Считается, что Дарвину для завершения теории эволюции не хватало только генетики. Но, может быть, ему еще в большей степени не хватало экологии (правда, сам Дарвин развивал и то, и другое — я отношу теорию пангенеза к началам генетики, — но это были лишь первые шаги). Здесь мнения редукционистов и композиционистов неизбежно разойдутся. Первые сводят свойства системы к свойствам ее компонентов и соответственно ищут первопричину развития во все более мелких компонентах. Вторые признают особые системные свойства, порожденные взаимодействием компонентов («эмергентные»); у самих компонентов этих свойств нет — стало быть, бесполезно обращаться к ним в поисках первопричин.

Структура синтетической теории эволюции в том виде, в каком она излагается в учебниках, свидетельствует о том, что редукционистский подход взял верх. Изложение начинают с самого элементарного из известных нам уровней — генных мутаций, которые случайны, т. е. необъяснимы. Затем включается естественный отбор, превращающий случайное в закономерное и ведущий нас от генов к фенам, популяциям, видам и сообществам.

Кажется, иначе и невозможно — вначале был хаос, из него возник порядок, а вместе с ним и причинность. Но, может быть, мы просто начали не с того конца?

Компоненты определяют свойства системы, а система — свойства компонентов. Конечно, толпа — это всего лишь большое скопление людей, но человек в толпе — уже не тот, что наедине с собой, и встроенная в геном частица ДНК отличается от свободной. Парадокс компонента и системы заключается в том, что система предназначена для сохранения компонента, но сохранение самой системы требует его изменения. Когда-то люди селились в городах ради собственной безопасности, но потом готовы были жертвовать собой ради безопасности городов. Чтобы понять, что произошло с человеком в толпе (или ДНК-овой частицей в геноме), нужно взглянуть на толпу (или геном). Хотя существует и восходящая, и нисходящая причинность, импульс развития, по-видимому, распространяется сверху вниз, от системы к ее компонентам, диктуя последовательность эволюционных объяснений. Во всяком случае попытки эволюционистов идти снизу вверх, от компонентов к системе, всегда кончались или отказом от объяснения (апелляция к случайности), или метафизическими псевдообъяснениями (апелляция к изначально присущему, «жизненной силе» и т. п.).
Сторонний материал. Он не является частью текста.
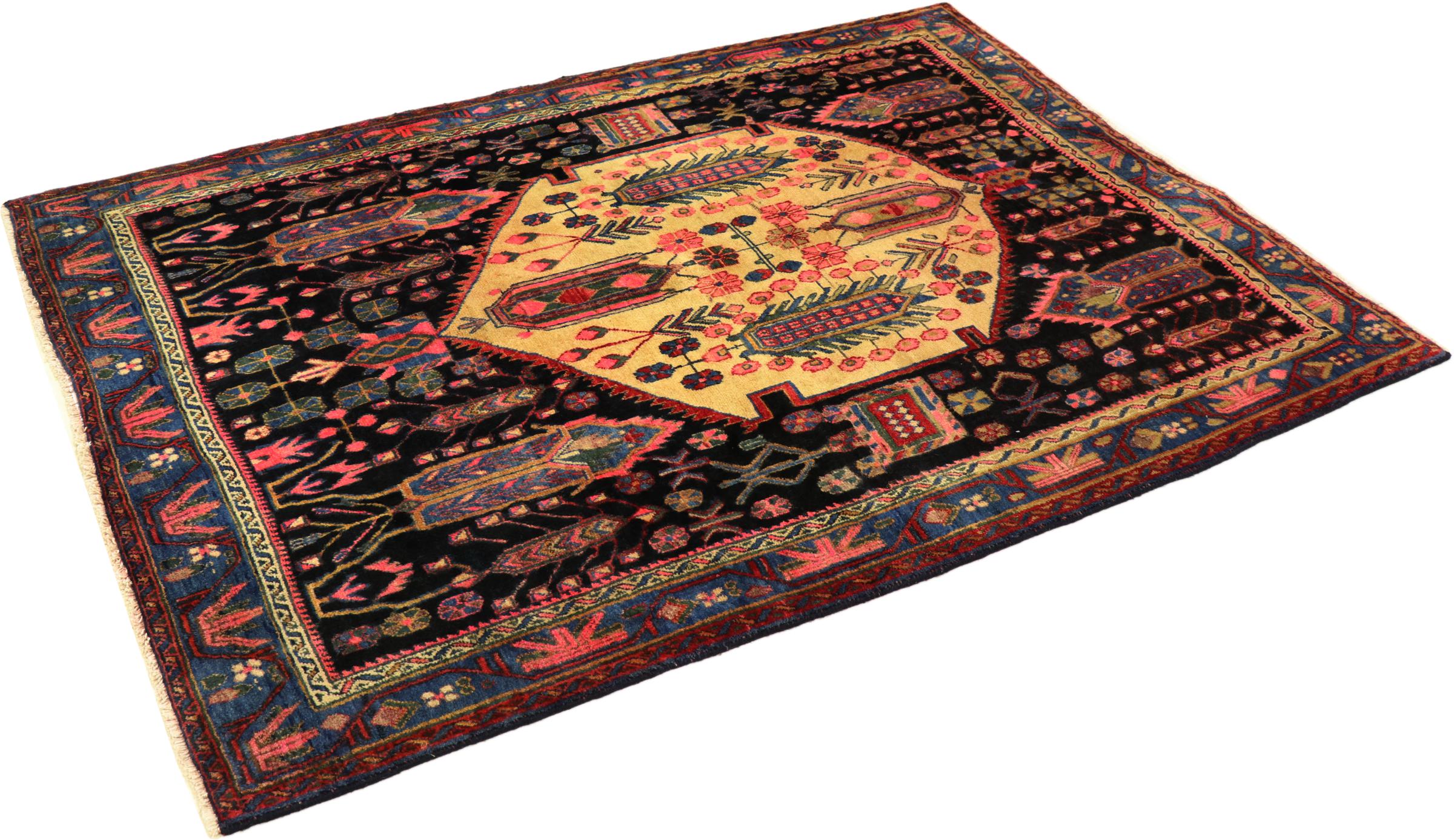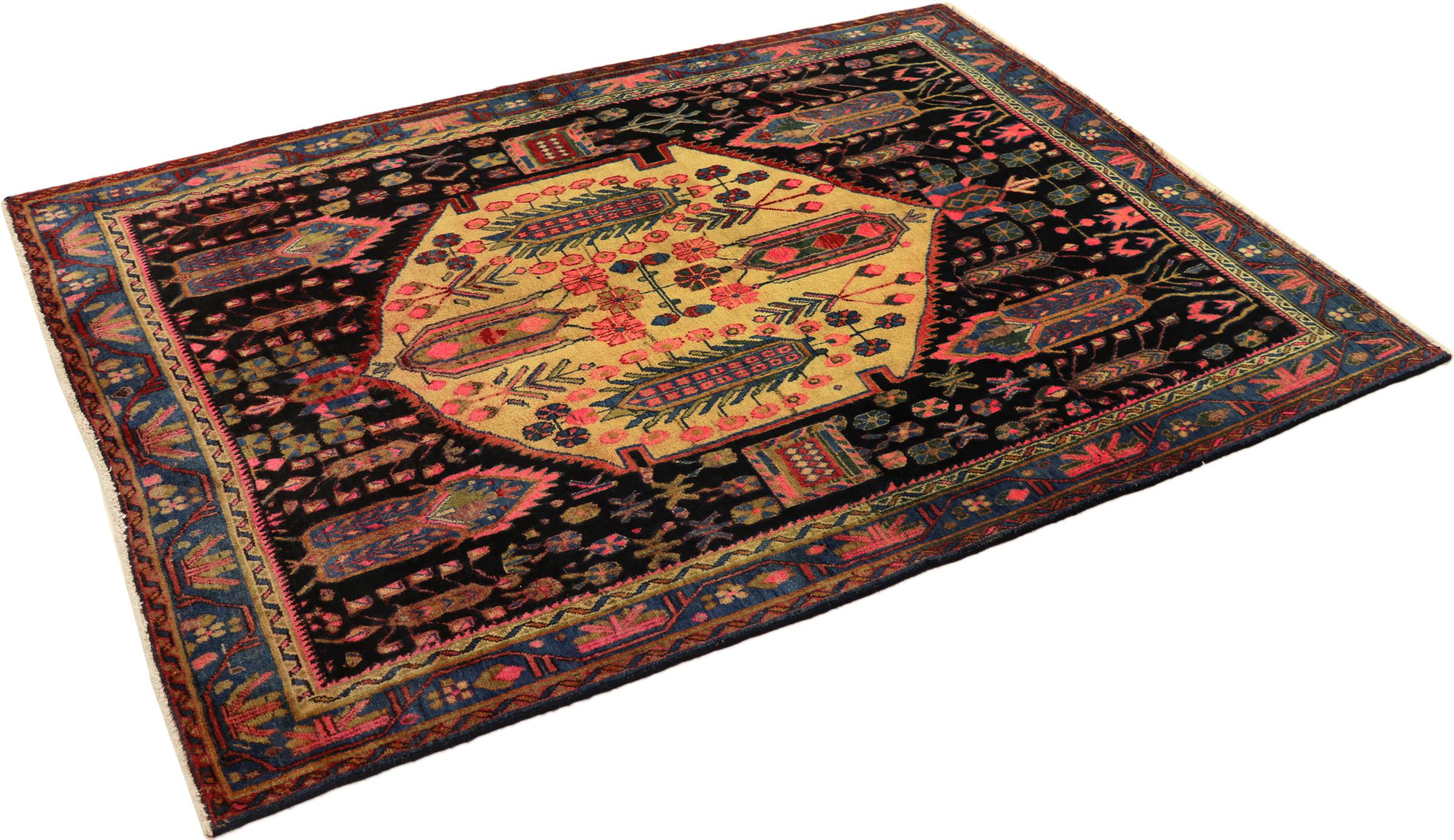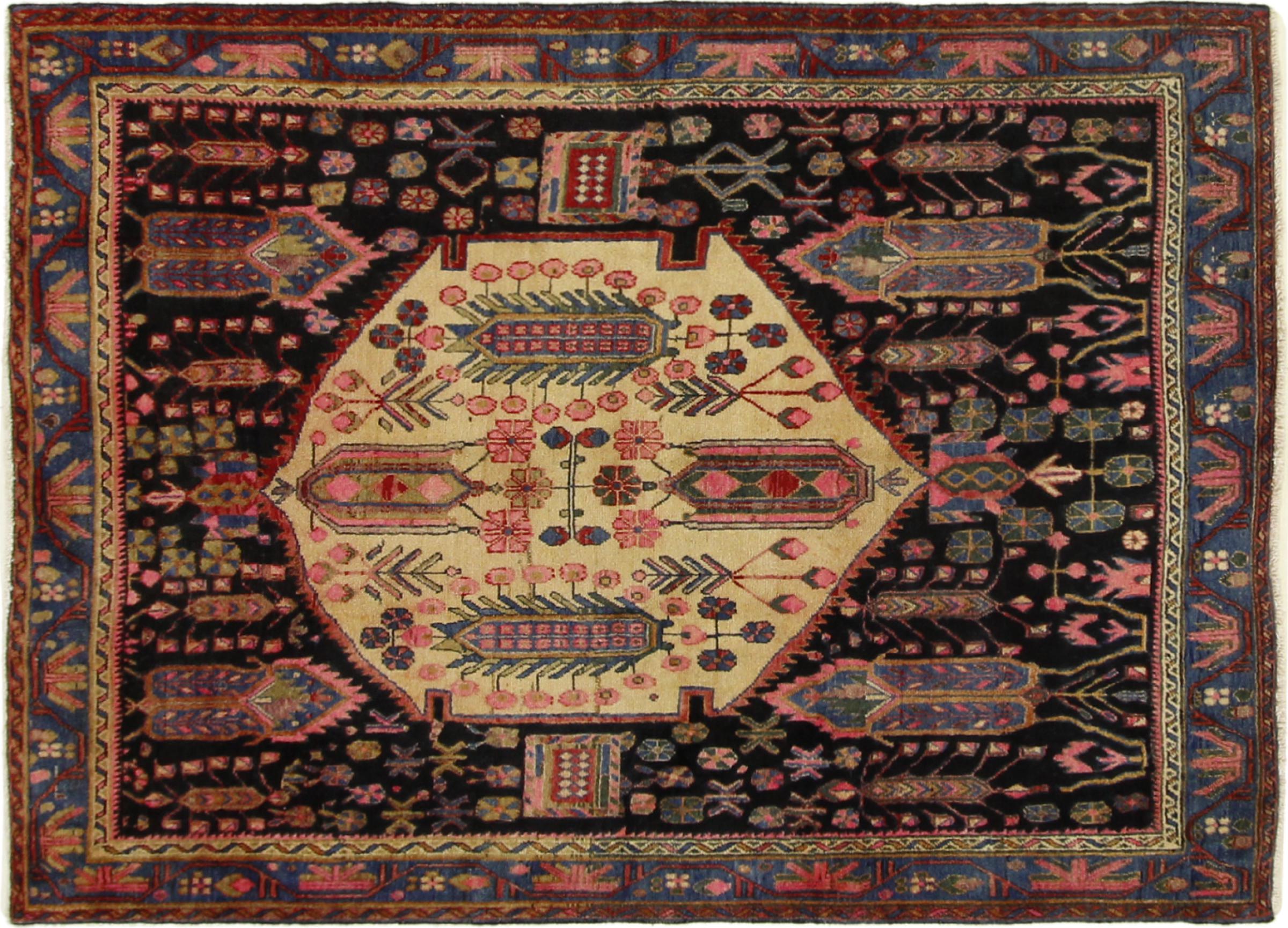 Esta alfombra pertenece a alfombras de pueblos y nómadas de Irán, antiguamente Persia. Este tipo de alfombra se anuda a mano en ciudades y pueblos más pequeños según la antigua tradición. Incluso los nómadas siguen anudando alfombras persas al aire libre. Las alfombras están anudadas sin un patrón y completamente desde la cabeza. Se caracterizan por los ornamentos clásicos, que están dispuestos en patrones rectos y geométricos. Gracias a su origen cultural-tradicional, estas alfombras tienen un carácter único que encarna la antigua Persia.
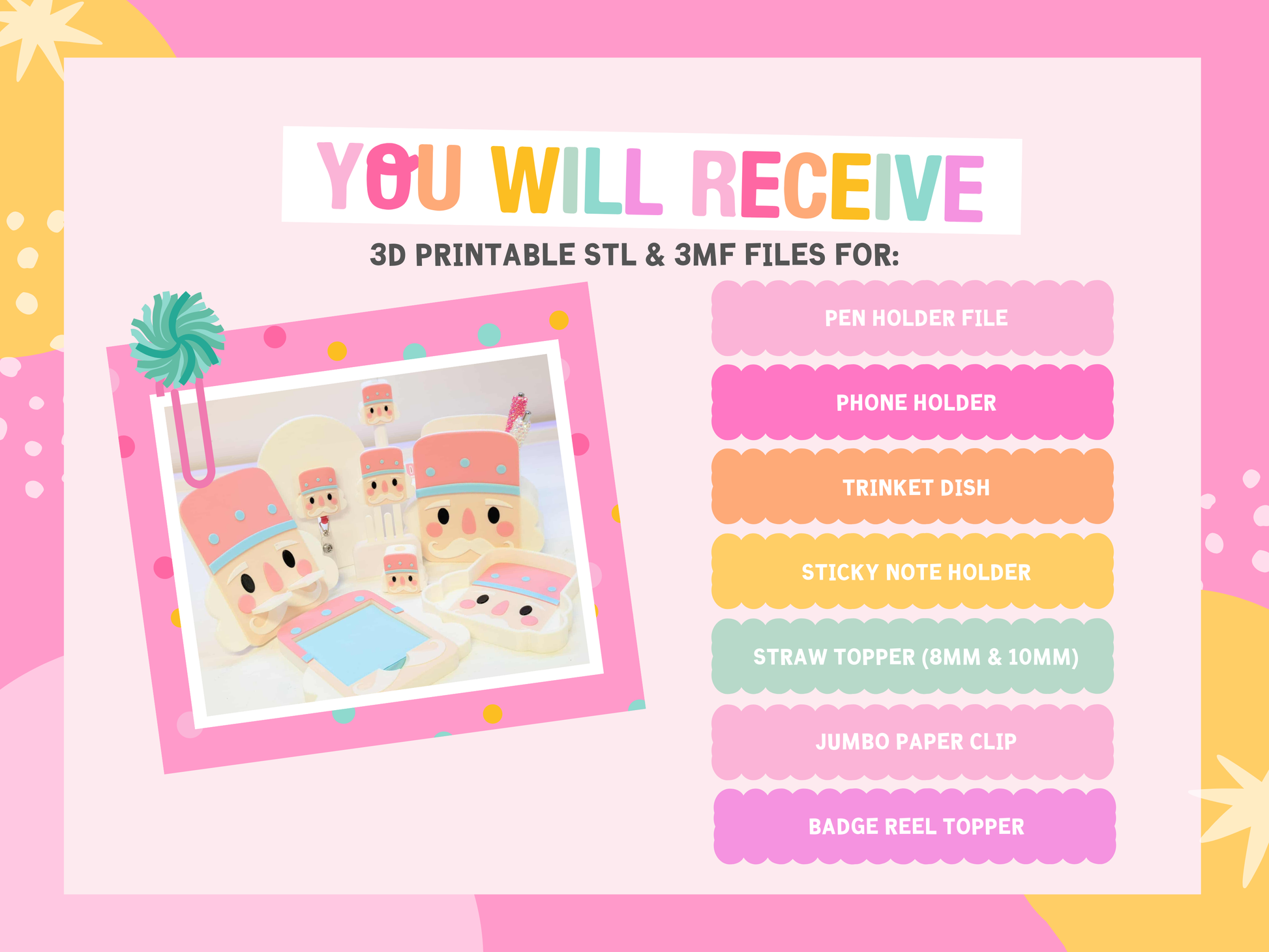 Nutcracker 3D Print File Bundle: Pen Holder, Phone Holder, More (STL & 3MF Digital Download)

Поэтому изложение экосистемной теории мы начнем, в отличие от традиционной, с систем высшего уровня.

ГЕОЛОГИЧЕСКИЕ КРИЗИСЫ

Основные черты строения Земли возникли на очень ранней, возможно, еще протопланетной стадии. Однако в ее недрах не прекращаются процессы, находящие поверхностное выражение в поднятии и опускании континентов, дроблении и смятии в складки пород земной коры, вулканизме и оказывающие разнообразное влияние на (очевидно, порожденные ими) водную и воздушную оболочки, биосферу и жизнь.